* INFORMATION PROVIDED

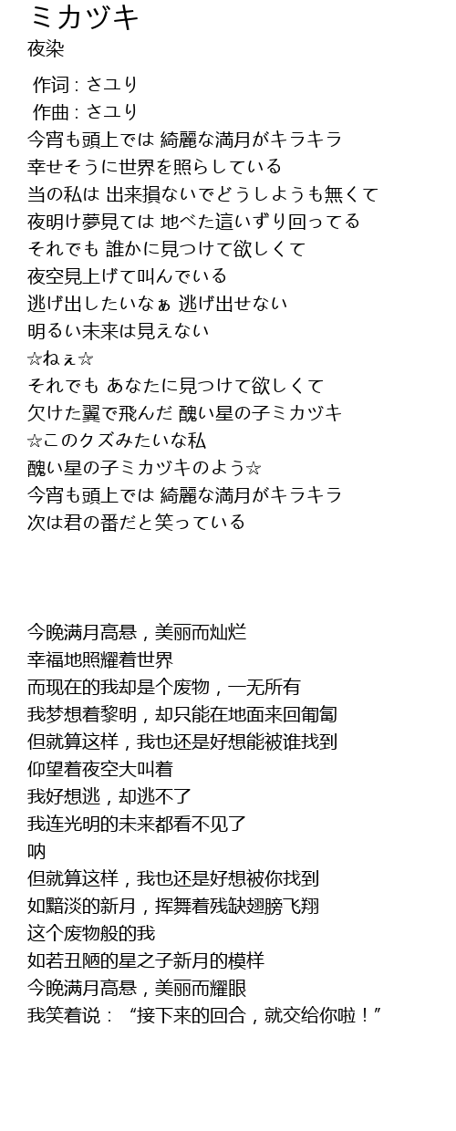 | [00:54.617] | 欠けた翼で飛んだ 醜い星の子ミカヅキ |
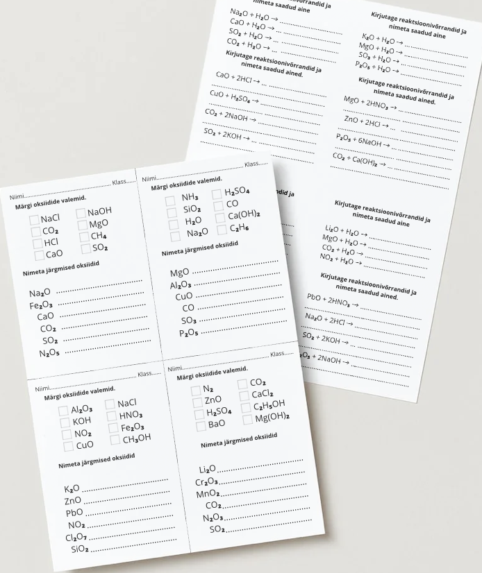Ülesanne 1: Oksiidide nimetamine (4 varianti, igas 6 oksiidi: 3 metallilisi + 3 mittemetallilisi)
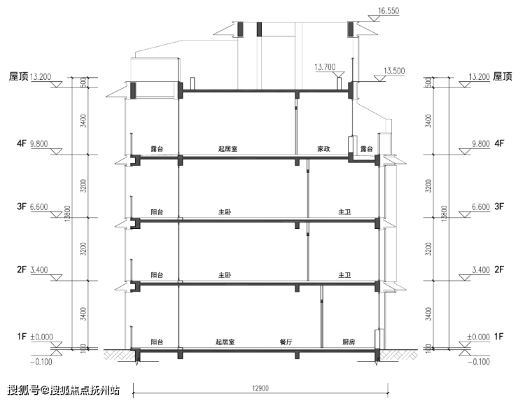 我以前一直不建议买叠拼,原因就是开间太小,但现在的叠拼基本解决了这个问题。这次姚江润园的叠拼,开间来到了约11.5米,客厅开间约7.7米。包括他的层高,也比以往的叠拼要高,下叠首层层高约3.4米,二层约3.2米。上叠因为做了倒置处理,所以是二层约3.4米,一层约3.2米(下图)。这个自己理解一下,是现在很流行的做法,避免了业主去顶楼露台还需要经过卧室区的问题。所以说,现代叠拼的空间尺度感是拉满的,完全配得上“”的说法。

* WORK TASK
Reproduce the data above line for line, excluding every picture.

* WRITTEN RESPONSE
 | [00:54.617] | 欠けた翼で飛んだ 醜い星の子ミカヅキ |
Ülesanne 1: Oksiidide nimetamine (4 varianti, igas 6 oksiidi: 3 metallilisi + 3 mittemetallilisi)
 我以前一直不建议买叠拼,原因就是开间太小,但现在的叠拼基本解决了这个问题。这次姚江润园的叠拼,开间来到了约11.5米,客厅开间约7.7米。包括他的层高,也比以往的叠拼要高,下叠首层层高约3.4米,二层约3.2米。上叠因为做了倒置处理,所以是二层约3.4米,一层约3.2米(下图)。这个自己理解一下,是现在很流行的做法,避免了业主去顶楼露台还需要经过卧室区的问题。所以说,现代叠拼的空间尺度感是拉满的,完全配得上“”的说法。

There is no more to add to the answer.